После жаркой пустыни мы с удовольствием располагаемся под деревьями — какая благодать тут, в тени, рядом со зноем южного солнца! А потом, отдохнув, идем на разведку, на поиски насекомых.
Но поиски неудачны. Насекомых всюду очень мало. Сказались три предыдущих сухих и голодных года. И сейчас не для чего это изобилие цветов, аромата, ярких красок! Кое-где лишь зажужжит пчела, застынет в воздухе муха-бомбилида. Удивительное время буйства растений и малочисленности насекомых! Пройдет год, быть может, два, шестиногие обитатели воспрянут и вновь оживят лик пустыни.
Мне надоело приглядываться. Всюду пусто, и не за что зацепиться взглядом. Вот разве только интересны эти зигзаги на песке. Они очень часты, эти узенькие полоски, протянутые таинственными незнакомцами. Кто бы мог путешествовать, ползая в песке, под самой поверхностью, чтобы не быть заметным врагам и остаться неуязвимым.
Но сколько я не копаюсь, ничего не нахожу и не могу понять, в какую сторону направлялся хозяин следов. Обидно не раскрыть загадки и возвращаться ни с чем к биваку. А они, эти извилистые ходы, на каждом шагу и будто издеваются надо мною.
Я утешаю себя: по-видимому, обладатели ходов бродят ночью и мне сейчас их не уследить, а на день прячутся глубоко. Поэтому перевожу взгляд на расцвеченные кусты чингиля, джузгуна, тамариска, слежу за птицами, убеждаю себя, что неудача — мелочь, не стоящая внимания, и почти достигаю цели — таинственные зигзаги забыты.
Но на биваке, у машины, где мы несколько часов тому назад истоптали весь песок, все снова испещрено зигзагами. Их проделали будто в издевку над нами, когда нас не было. Я снова ползаю по песку, пачкаюсь в пыли и опять без толку. Меня жалеют, пытаются помочь. Но никому нет счастья, песок весь изрыт, истоптан, все зигзаги перекопаны безрезультатно.

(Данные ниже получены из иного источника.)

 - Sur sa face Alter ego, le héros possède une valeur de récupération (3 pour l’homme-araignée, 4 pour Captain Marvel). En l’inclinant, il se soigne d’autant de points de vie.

Тогда я сержусь на себя и усиленно занимаюсь другими делами — привожу в порядок коллекции, записи. На биваке наступает тишина, все разошлись опять по делам. Мучительно вспоминая название одного растения, я случайно гляжу под ноги и вижу легкую струйку песка, вздымающуюся кверху. А впереди этой струйки толчками, с остановками, движется небольшой песчаный бугорок. Сзади бугорка я вижу то, что искал почти весь день, — тонкую извилистую бороздку, тот самый след незнакомца. Он довольно быстро удаляется от меня, приближается к кустику, отходит от него в сторону, прочеркивая зигзаги.
Не переводя дыхания, я смотрю в бинокль с лупками и вижу такие знакомые, торчащие из песка кривые челюсти-сабли личинки муравьиного льва. Она ползет вспять, брюшком вперед, вся в песке, изогнутой кверху головой, взметывая струйками песок, оставляет позади себя дорожку.

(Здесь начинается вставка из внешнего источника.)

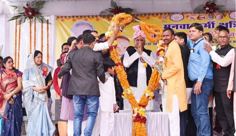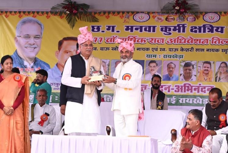 मुख्यमंत्री श्री भूपेश बघेल आज रायपुर जिले के तिल्दा विकासखण्ड के रायखेड़ा में आयोजित छत्तीसगढ़ मनवा कुर्मी क्षत्रिय समाज के 77वें राज अधिवेशन में शामिल हुए. इस अवसर पर बोलते हुए मुख्यमंत्री श्री बघेल ने कहा कि समाज के विकास के लिए सबकी भागीदारी जरूरी है. इससे समाज में एकता और संगठन का विकास होता है। सभी एक होंगे तो समाज में सामाजिक शांति का विकास होगा। साथ के बिना हम सब अधूरे हैं। मुख्यमंत्री श्री बघेल ने कहा कि संगठित समाज ही विकास की धारा में आगे बढ़ता है। मुख्यमंत्री ने इस अवसर पर रायखेड़ा गांव में बांधवा तालाब के सौंदर्यीकरण, रायखेड़ा गांव से देवगांव तक 4 किमी सड़क निर्माण और गांव में स्वामी आत्मानंद उत्कृष्ट अंग्रेजी माध्यम स्कूल खोलने के लिए 50 लाख रुपये देने की घोषणा की.
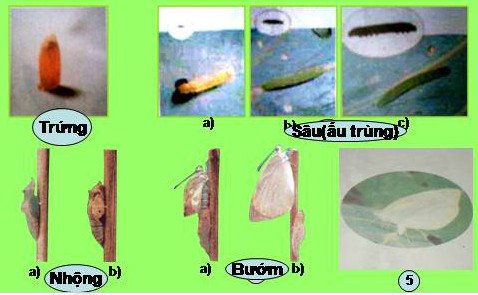 Hãy chỉ đâu là : trứng, sâu (ấu trùng), nhộng, bướm
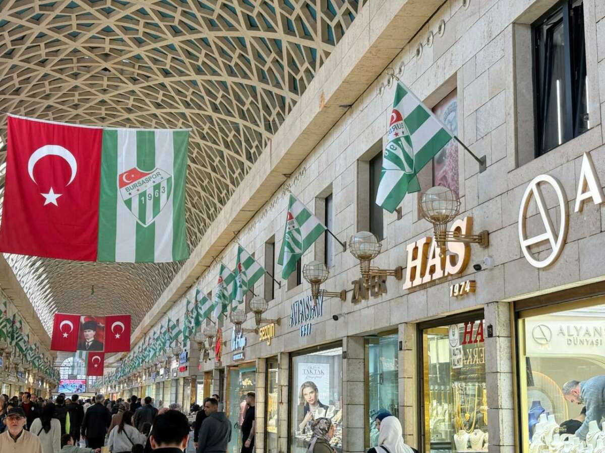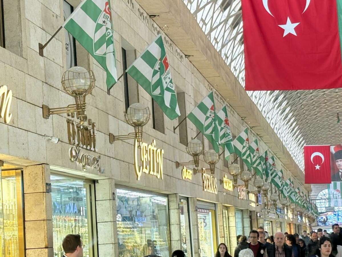 Kentin en işlek noktalarından Kapalı Çarşı, yeşil-beyaz bayraklar ve balonlarla süslenerek adeta şampiyonluk atmosferine büründü.

Так вот кто ты такой, таинственный незнакомец! Воронки муравьиных львов здесь всюду по пескам тугаев. Этих насекомых миновала беда прошлых лет, и вот теперь они страдают от недостатка добычи. Никто не попадает в их хитроумные ловушки, и, наверное, поэтому голодные личинки так часто меняют места, путешествуют в поисках несуществующих богатых угодий.